В сырой, загаженной плевками и окурками комнате сидел за столом управляющий складским хозяйством губпродкома и ужинал всухомятку куском хлеба и спинкой испеченной в золе воблы. Но не то было удивительно, что он ужинал, а то было удивительно, как ужинал. Невозмутимо он ужинал… Комната была забита матросней, солдатами, неопределенного вида штатскими – каждый тянул к нему мандат, с мандатом – требование на отпуск продовольствия для своей части, госпиталя, учреждения… Иные вместо мандатов вынули браунинги, наганы и маузеры, стучали рукоятками по столу, тыкали дулами в ужинавшего. Он устало отмахивал их от себя, как надоевших мух, и продолжал жевать. В комнате висел сизый махорочный дым, хриплый гомон и мат. Иван Елдышев продрался поближе к столу, посмотрел и отошел в сторону, не понимая, что тут происходит. Тут же его придавил к стене могучим плечом солдат.

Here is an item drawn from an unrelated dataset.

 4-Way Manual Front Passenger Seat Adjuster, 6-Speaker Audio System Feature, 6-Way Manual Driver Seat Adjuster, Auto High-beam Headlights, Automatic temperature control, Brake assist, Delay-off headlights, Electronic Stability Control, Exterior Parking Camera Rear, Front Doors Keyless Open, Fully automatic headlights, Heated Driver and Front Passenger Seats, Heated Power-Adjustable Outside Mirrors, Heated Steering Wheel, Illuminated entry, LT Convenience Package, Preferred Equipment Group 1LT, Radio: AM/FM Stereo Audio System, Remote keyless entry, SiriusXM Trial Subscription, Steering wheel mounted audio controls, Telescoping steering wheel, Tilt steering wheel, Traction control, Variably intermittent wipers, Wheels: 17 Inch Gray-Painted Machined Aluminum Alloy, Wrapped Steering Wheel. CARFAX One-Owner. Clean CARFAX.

– Видал? – захрипел он возбужденно. – Видал, браток? Склады закрыл, с утра нас тут гноит, а сам жрет, контра!

– С самого утра и жрет? – спросил Иван спокойно.

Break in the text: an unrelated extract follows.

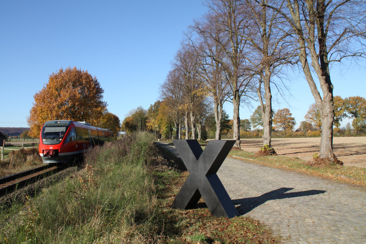 Die Fotoausstellung „x_Orte“ des Münsterlandes zeigt Orte, die gar nicht oder nicht auf den ersten Blick erkennbar sind. Manchmal sind ganz bewusst so angelegt, manchmal in Vergessenheit geraten und teilweise verwittert. Das Team der Expedition Münsterland hat diese Orte sichtbar gemacht und sie mit einem dreidimensionalen schwarzen X fotografiert, um den Betrachter darauf aufmerksam zu machen. So sind beispielsweise vom Bahnhof Tilbeck nur noch vereinzelte Spuren zu erkennen. Ein drei mal sechs Meter großer gepflasterter Bereich zeugt von seiner Existenz. Die Opfer- und Nagelungsstelle am Horstmarer Landweg in Münster, das ehemaliges Flüchtlingslager in Lette, die Mergelhalde in Gievenbeck und der Schacht Romberg in Werne sind nur einige weitere der vielen weiteren Beispiele für Orte im Münsterland, mit denen sich die Expedition Münsterland durch das künstlerische Element auseinandersetzt. Das X nimmt sich dieser Orte an, über die oftmals, im wahrsten Sinne des Wortes, Gras gewachsen ist und macht damit nicht nur auf sie selbst, sondern auch ihre Geschichte aufmerksam, um sie in das Bewusstsein der Menschen zurückzuholen und somit einer Erosion des Vergessens zuvor zu kommen. Die Ausstellung war bereits im Bioenergiepark in Saerbeck, auf der Burg Vischering in Lüdinghausen, in der Bezirksregierung Münster und im Haus der Wissenschaft in Darfeld zu sehen.

– Н-ну, как… Н-ну, не знаю, – малость опешил солдат, но тут же и выправился в своем праведном гневе. – Сам видишь – жрет! А у меня в госпитале двести тифозных. С чем к ним вернусь? С пустыми руками, браток, возвращаться мне к ним никак нельзя. Я так сделаю, браток, – он ткнул «смит-и-вессоном» в сторону ужинавшего, – две пули не пожалею, в каждое его стеклышко всажу.

– Ну и дурак, – сказал Иван устало.

– Што-о?

– Дурак, говорю, будешь. Тебе какой паек положен?

– Фунт хлеба и соленая вобла.

– Съел?

– Для меня это еда ли? – спросил солдат грустно. – Понюхал!

– Вот и он тоже – понюхал, – Иван кивнул на управляющего, который бережно собирал с расстеленной газеты хлебные крошки. Солдат несколько мгновений хлопал на него гноящимися глазами, отвалился от Ивана к стене и стал клясть мировую буржуазию в бога, в крест и в маузер.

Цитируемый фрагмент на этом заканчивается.